TO-WIT: SIT! STAY!
I could tell when I woke up that it was going to be a typical lawyer-type day. Call it professional intuition, call it clairvoyance, call it a virus, but I could tell. In a delusional effort to ward off the inevitable, I even had my car washed on the way to work. However, I no sooner pulled into my parking space than the birds began circling ominously overhead. Coffee was not ready in the office, as my secretary had a broken fingernail that took precedence, my 9:30 clients had cancelled their appointment for the sixth time in a row, and waiting for me on my desk was an acerbic pink telephone slip from a judge saying she’d just finished reading my brief and wanted to know if I was serious or merely trying to amuse. Yes, it was going to be a typical lawyer-type day.
Given the way things had started, what happened next should not have surprised me. I received a call from opposing counsel in a pending child support modification hearing telling me that his client, the ex-husband and moving party, had refused my request to exchange voluntarily any financial information before the hearing.
“I don’t understand,” I said. “My client is agreeable to whatever the support guidelines say. It’s possible we could avoid a hearing altogether.”
“I know,” he replied, “I told my client that, but he’s being very difficult and I can’t control him. I’m sorry, but what can I do?”
I exercised the better part of valor and did not point out that a lawyer can always control a recalcitrant client by refusing to undertake or continue the representation. It’s such an obvious solution that I am constantly amazed more colleagues haven’t stumbled upon it yet.
Now after twenty-five years at the bar, I have come to the conclusion that the words “I can’t control my client” are the worst words, just the worst words, a lawyer can hear. Oh, there are others that are troublesome, such as “You remember that title you did for me fifteen years ago?” and “I’m going to tell your wife about us,” but when it comes right down to it, there’s really no contest. Whenever I hear from opposing counsel that he or she cannot control the client, I know how the Pompeians must have felt when they heard the words “I think she’s gonna’ blow.”
Now as a rule, I don’t handle domestic cases anymore. However, this case is one I have had for a long time and it is the only such case I have left. The divorce part has long been over, but I keep involved with the remaining skirmishes in part because I like my client and in part because I truly dislike her ex-husband. Back in the days when I routinely handled such matters, I always welcomed the chance to appear in a divorce proceeding opposite a party I didn’t like. I am of the view that it was God’s way of rewarding me for all the pro bono stuff I did.

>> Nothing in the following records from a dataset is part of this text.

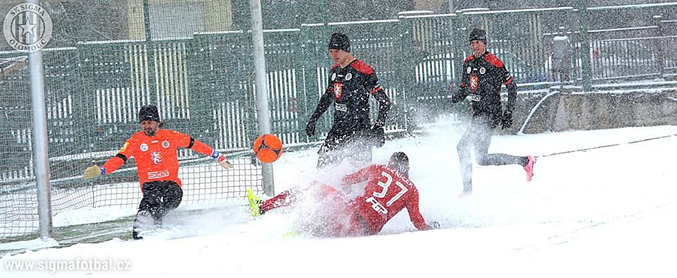 Fotbalisté SK Sigma Olomouc odehráli třetí duel přípravy proti soupeři o třídu výše, než byli soupeři sobotní. Na Hanou přijel druholigový Hradec Králové. I ten si odvezl z Olomouce nadílku. Sigmácká rychlá hra šla aplikovat i na sněhu, Hanáci vyhráli 7:3. Po dvou brankách dali Martin Hála a Bijde Manzia.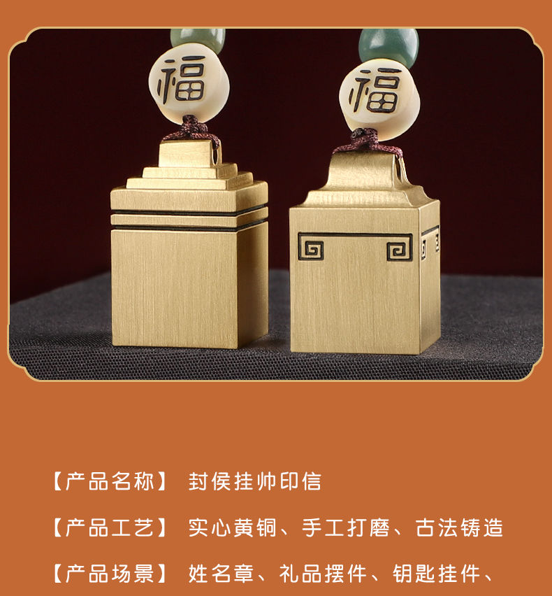 封侯挂帅 印章定刻黄铜小方印章古风礼品钥匙扣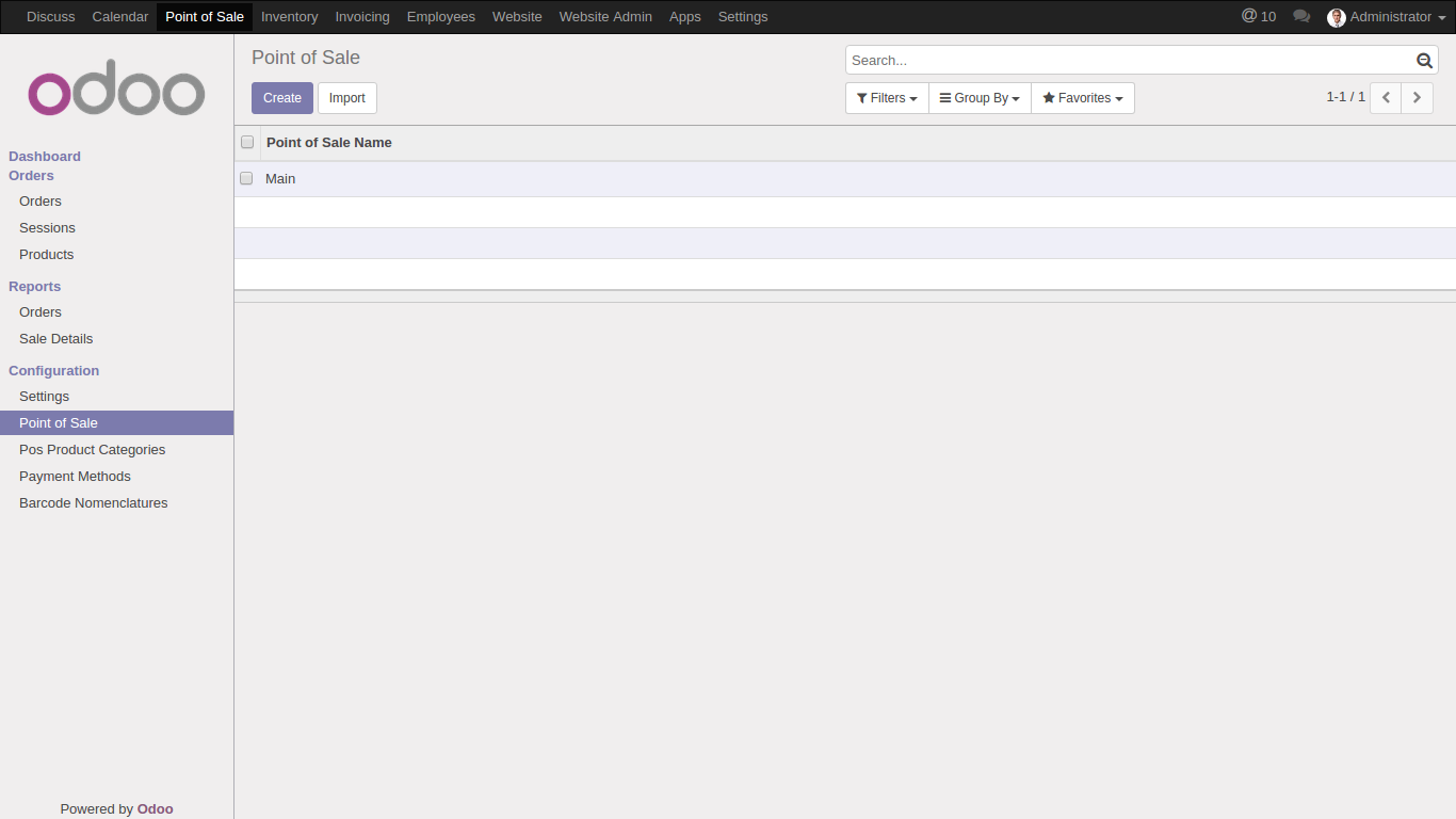 在odoo10中,我们还可以在POS中创建不同的会话。但是在这里,这个配置不在odoo8 & odoo9中。如图所示,这个特性在Point of Sale >> Configuraion >> Point of Sale下面,您可以看到"Create"按钮。在那里您可以创建多个会话。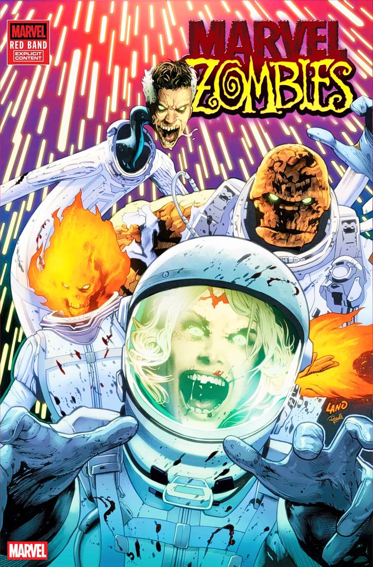 Según lo informado por PopverseMarvel Zombies: Red Band #1, escrito por Ethan S. Parker y Griffin Sheridan, con arte de Jan Bazaldua, inicia una serie de cinco números, que contará una versión paralela y zombificada de la historia de Marvel, con un enfoque en los Cuatro Fantásticos.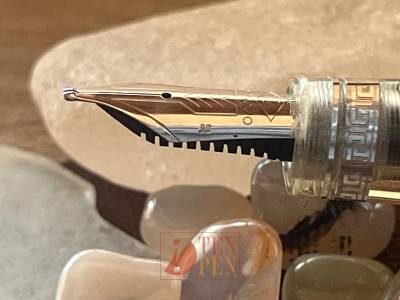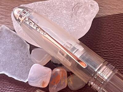 This Omas 360 vision is an unusual version as it is fitted with the very precious diamond clip which was used by Omas for a special edition of 360 and Mezzo models. The sparkling clip gives the pen an extra charme which is further enhanced by the ulta rare BB nib which can make every lover of thick lines very happy.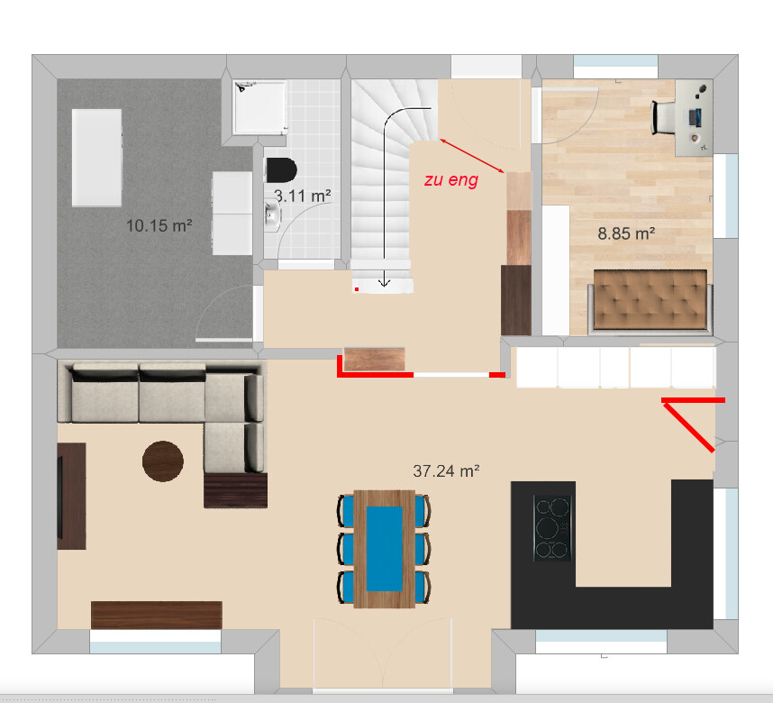 Was nebenbei noch so auffällt: die Speisekammer muss weg - sagte Yvonne schon - die ist gaga. Zudem würde ich die Treppe offen lassen, der Flur wirkt so schon viel zu eng. Garderobe etwas kleiner - eventuell den Rest unter Treppe, falls da kein Keller ist. Küche etwas schmaler, damit man im Flur nicht ständig gegen Kanten und Ecken läuft und mehr Platz am esstisch ist.

The principle reason I don’t do family law anymore is that it is far too often impossible to control the client, and such a situation is just too pernicious for all concerned. Control of the client is essential to the orderly flow of justice, especially if there’s a contingency fee involved.

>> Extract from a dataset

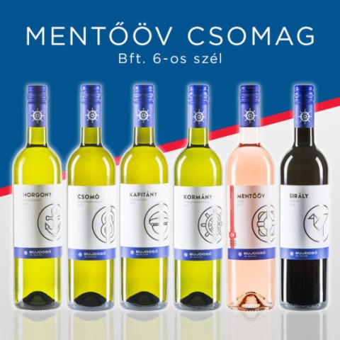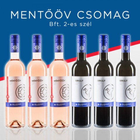 Ebben a csomagban Bujdosóék 2 kedvelt borából találtok 3-3 palackot: a Sirály Merlot egy igazán jól iható, szupergyümölcsös vörösbor, míg a Mentőöv egy ropogós rozé, ami tisztán és fröccsnek is jó választás.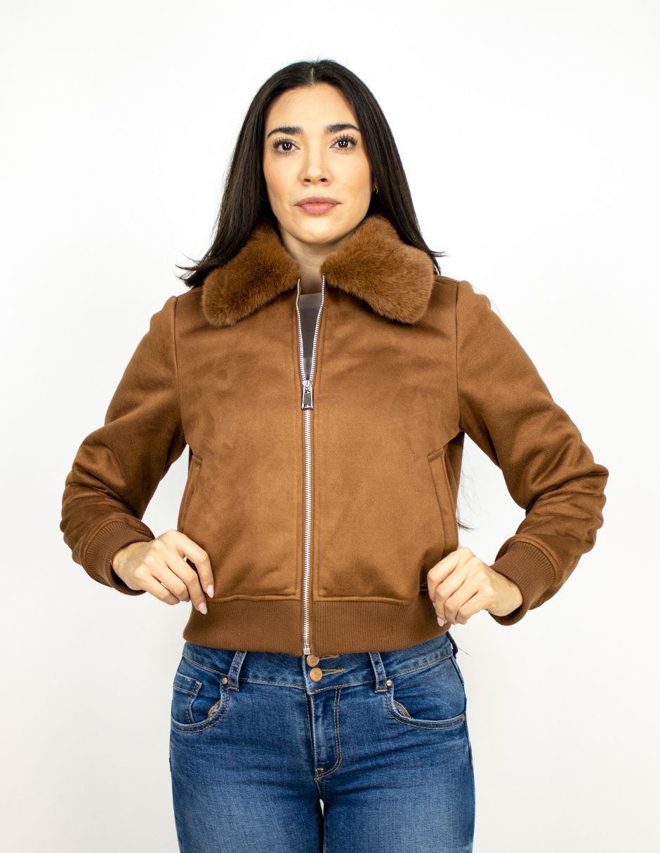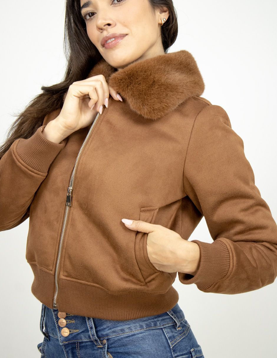 Chamarra Furor Aviador Crop Con Cuello De Pelo Sintético Regular Fit Poliéster

I learned that lesson in my very first case. I represented the Plaintiff in an intersection accident and I had a settlement offer of $3500.00. My client however had it fixed in his head that he had sustained near-fatal soft tissue injuries for which he should be compensated accordingly, and against my advice he turned it down. A panel of my colleagues serving as Arbitrators found for the Defendant, a decision that, as far as I was concerned, rendered the first two syllables of their title superfluous. Nonetheless the insurance carrier still offered $3500.00 to avoid an appeal.
Again I pleaded with the client to accept, but again he refused. A jury found for the defendant as well, and my client blamed it all on me. In large part he was right. I didn’t have enough control. I couldn’t persuade him that the liability was “iffy,” and I couldn’t persuade him to accept a fair offer of settlement. I also couldn’t persuade him not to wear a dress at the trial.
In the years since, I have always insisted on maintaining control of all my cases, and I have developed a top ten list of techniques intended to do just that. My system is based on two equally fundamental concepts, respect and prevarication. Give it a try. I am certain that those of you who have difficulty maintaining control of the client will find this tack highly effective.
1. Impress the client with your importance by hanging up an autographed photograph of any recent American president except Nixon.
2. A professional mien is essential for inspiring confidence in the client. Don’t say “whoopee” when you collect your fee.
3. Avoid such phrases as “Well, I’ll be” and “Who’da thunk it.”
4. Refer to Justices of the U.S. Supreme Court by their first names, e.g., Bill, Sandy, Tony-Clarence.
5. Don’s let the client see how irked you are because your malpractice carrier put you in the assigned risk pool.
6. Prominently carry your cellular phone at all times, even if it doesn’t work.
7. Always refer to opposing counsel as “that dweeb.”
8. When scheduling appointments with clients, never say “Oh, I can see you any time at all next week.”
9. Don’t ever hold yourself out as an expert in any field unless you know a colleague who really is.
10. Tell your client that the reason you don’t have a law library is that it’s all inside your head.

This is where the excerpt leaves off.